= Synge's theorem =

Relates the curvature of a Riemannian manifold to its topology

In mathematics, specifically Riemannian geometry, Synge's theorem is a classical result relating the curvature of a Riemannian manifold to its topology. It is named for John Lighton Synge, who proved it in 1936.

==Theorem and sketch of proof==
Let M be a closed Riemannian manifold with positive sectional curvature. The theorem asserts:
- If M is even-dimensional and orientable, then M is simply connected.
- If M is odd-dimensional, then it is orientable.
In particular, a closed manifold of even dimension can support a positively curved Riemannian metric only if its fundamental group has one or two elements.

The proof of Synge's theorem can be summarized as follows. Given a geodesic S^{1} → M with an orthogonal and parallel vector field along the geodesic (i.e. a parallel section of the normal bundle to the geodesic), then Synge's earlier computation of the second variation formula for arclength shows immediately that the geodesic may be deformed so as to shorten its length. The only tool used at this stage is the assumption on sectional curvature.

The construction of a parallel vector field along any path is automatic via parallel transport; the nontriviality in the case of a loop is whether the values at the endpoints coincide. This reduces to a problem of pure linear algebra: let V be a finite-dimensional real inner product space with T: V → V an orthogonal linear map with an eigenvector v with eigenvalue one. If the determinant of T is positive and the dimension of V is even, or alternatively if the determinant of T is negative and the dimension of V is odd, then there is an eigenvector w of T with eigenvalue one which is orthogonal to v. In context, V is the tangent space to M at a point of a geodesic loop, T is the parallel transport map defined by the loop, and v is the tangent vector to the geodesic.

Given any noncontractible loop in a complete Riemannian manifold, there is a representative of its (free) homotopy class which has minimal possible arclength, and it is a geodesic. According to Synge's computation, this implies that there cannot be a parallel and orthogonal vector field along this geodesic. However:
- Orientability implies that the parallel transport map along every loop has positive determinant. Even-dimensionality then implies the existence of a parallel vector field, orthogonal to the geodesic.
- Non-orientability implies the non-contractible loop can be chosen so that the parallel transport map has negative determinant.
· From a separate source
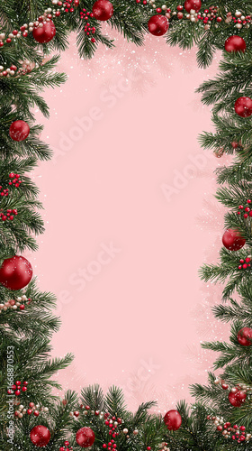 Christmas Tree Frame with Garland and Red Ornaments on Pink Background – Vector Card Template with Text Space

Odd-dimensionality then implies the existence of a parallel vector field, orthogonal to the geodesic.
This contradiction establishes the non-existence of noncontractible loops in the first case, and the impossibility of non-orientability in the latter case.

Alan Weinstein later rephrased the proof so as to establish fixed points of isometries, rather than topological properties of the underlying manifold.